Despite the clinical successes fostered by immune checkpoint inhibitors, mechanisms underlying PD-1 upregulation in tumor-infiltrating T cells remain an enigma. Here, we show that tumor-repopulating cells (TRCs) drive PD-1 upregulation in CD8⁺ T cells through a transcellular kynurenine (Kyn)-aryl hydrocarbon receptor (AhR) pathway. Interferon-γ produced by CD8⁺ T cells stimulates release of high levels of Kyn produced by TRCs, which is transferred into adjacent CD8⁺ T cells via the transporters SLC7A8 and PAT4. Kyn induces and activates AhR and thereby upregulates PD-1 expression. This Kyn-AhR pathway is confirmed in both tumor-bearing mice and cancer patients and its blockade enhances antitumor adoptive T cell therapy efficacy. Thus, we uncovered a mechanism of PD-1 upregulation with potential tumor immunotherapeutic applications.

中文翻译：

---

肿瘤繁殖细胞通过转移Kynurenine和AhR激活而诱导CD8 + T细胞中PD-1表达。

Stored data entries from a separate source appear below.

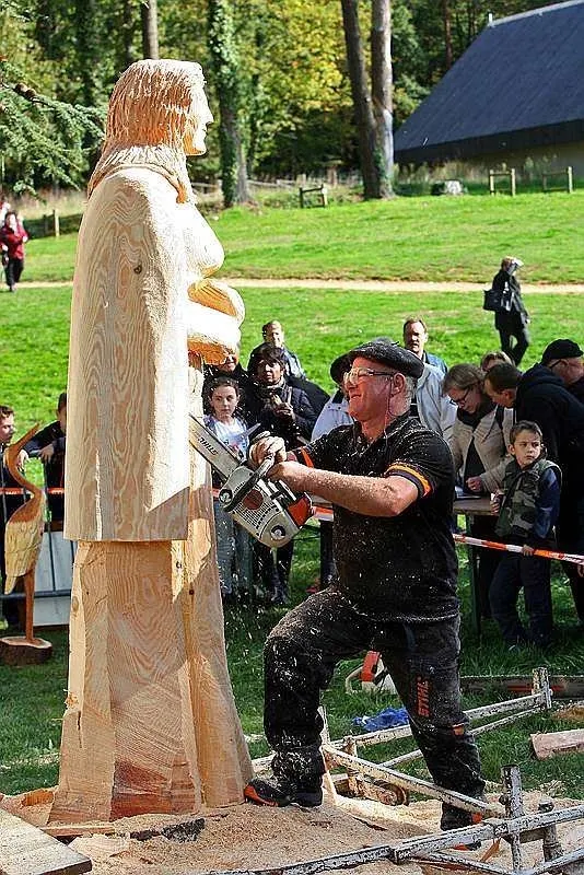 Ici des loups (dans un enclos) qui se laissent admirer, là une démonstration d'élagage de hauts arbres, plus loin un druide qui prépare sa potion magique, un impressionnant cheval percheron qui tracte des troncs coupés (notre vidéo ci-dessous)...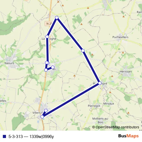 The first stop of the 5-3-313 bus route is Villers-Bocage - Ecole and the last stop is Talmas - Mare de la Ville. 5-3-313 (1339w|0996y) is operational during todos los días.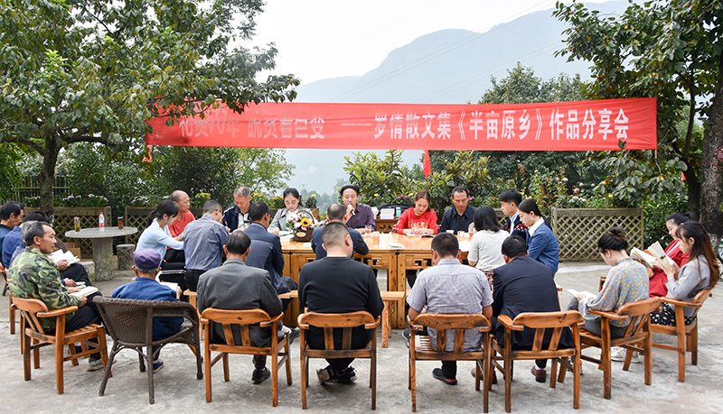 为庆祝新中国成立70周年,喜看脱贫攻坚带来的山乡巨变,9月28日,罗倩散文集《半亩原乡》作品分享会在昭化区大朝乡牛头村举行。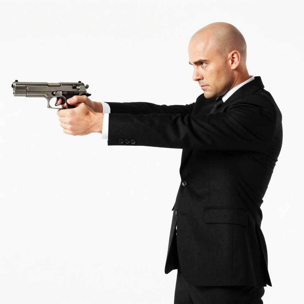 Bald man in black suit, intense expression, aiming two silver handguns, one in each hand, white ured background, left arm extended.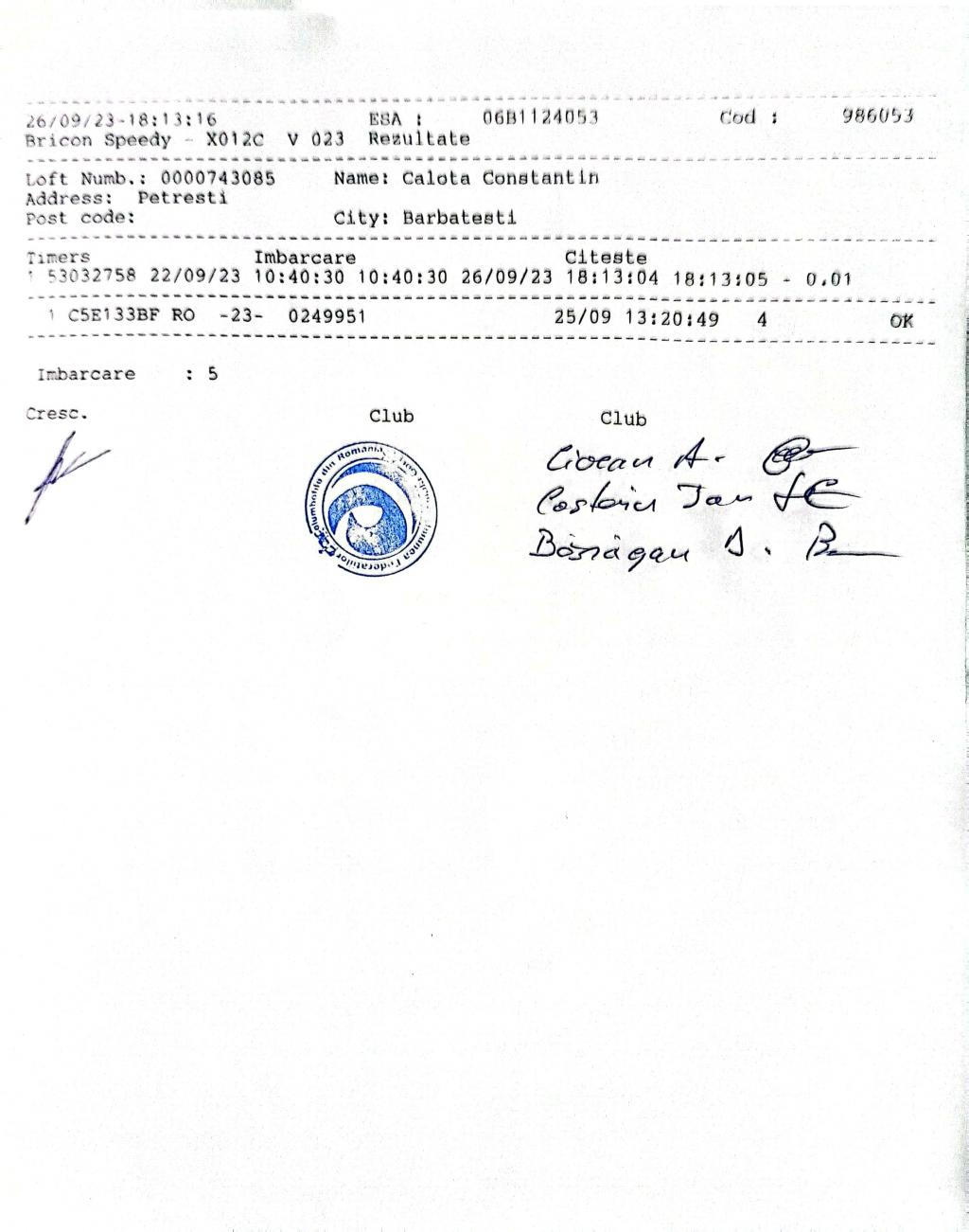| 74 | Barbulescu Virgil | MH981 | BEN | Cerneti | [IMB P0] | [DES P0] |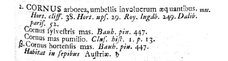 Cornus mas L. Il nome fu imposto da Linneo nel celeberrimo Species Plantarum (Stoccolma, 1753). Il genere deriva da ‘ker’ una radice indoeuropea che vale duro (in riferimento al legno), quanto a ‘mas’ è il latino maschio, vale per pianta rustica.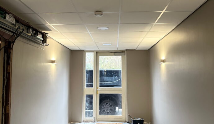 Tijdens dit project hebben wij nieuwe plafonds gerealiseerd en bestaande systeemplafonds vervangen. Ook is de liftombouw uitgevoerd en is het plafond geïsoleerd. In combinatie met een nieuw lichtplan zorgt dit voor meer comfort en een rustigere uitstraling bij binnenkomst.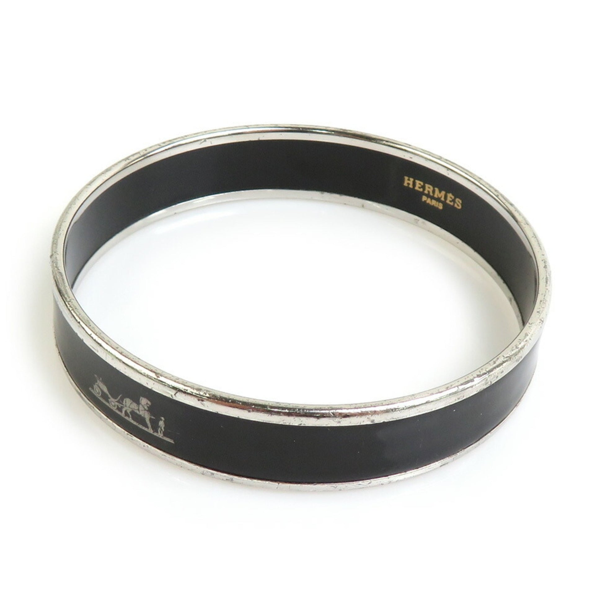 Hermès HERMES bangle bracelet in enamel, metal, silver and black, women\'s, e60705a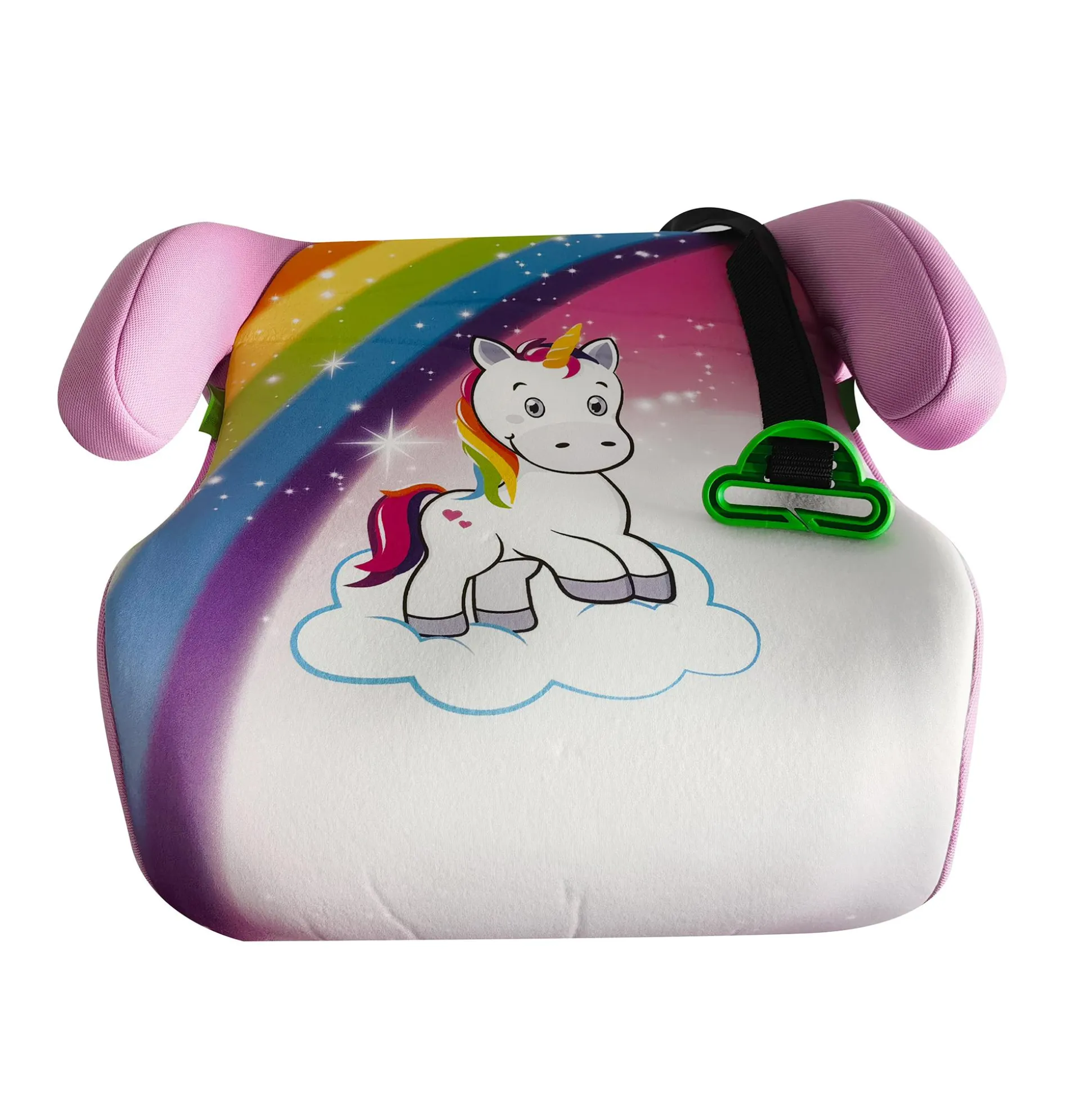 Die farbenfrohe Hits4Kids Kindersitzerhöhung im Design „Magisches Einhorn“ wird mit dem Standard-3-Punkt-Gurt im Auto schnell und einfach befestigt. Der Gurt läuft frei und ermöglicht deinem Kind jede Menge Bewegungskomfort. Die erhöhte Sitzposition deines Nachwuchses schützt gleichzeitig vor unangenehmem Reiben des Gurtes.

尽管免疫检查点抑制剂促进了临床成功，但肿瘤浸润性T细胞中PD-1上调的潜在机制仍是一个谜。在这里，我们显示肿瘤繁殖细胞（TRCs）通过跨细胞的犬尿氨酸（Kyn）-芳烃受体（AhR）途径驱动CD8 ⁺ T细胞中PD-1的上调。CD8 ⁺ T细胞产生的干扰素-γ刺激TRC产生的高水平Kyn释放，并被转移到相邻的CD8 ⁺T细胞通过转运蛋白SLC7A8和PAT4。Kyn诱导并激活AhR，从而上调PD-1表达。此Kyn-AhR途径在荷瘤小鼠和癌症患者中均得到证实，其阻断作用增强了抗肿瘤过继T细胞疗法的疗效。因此，我们发现了PD-1上调与潜在的肿瘤免疫治疗应用的机制。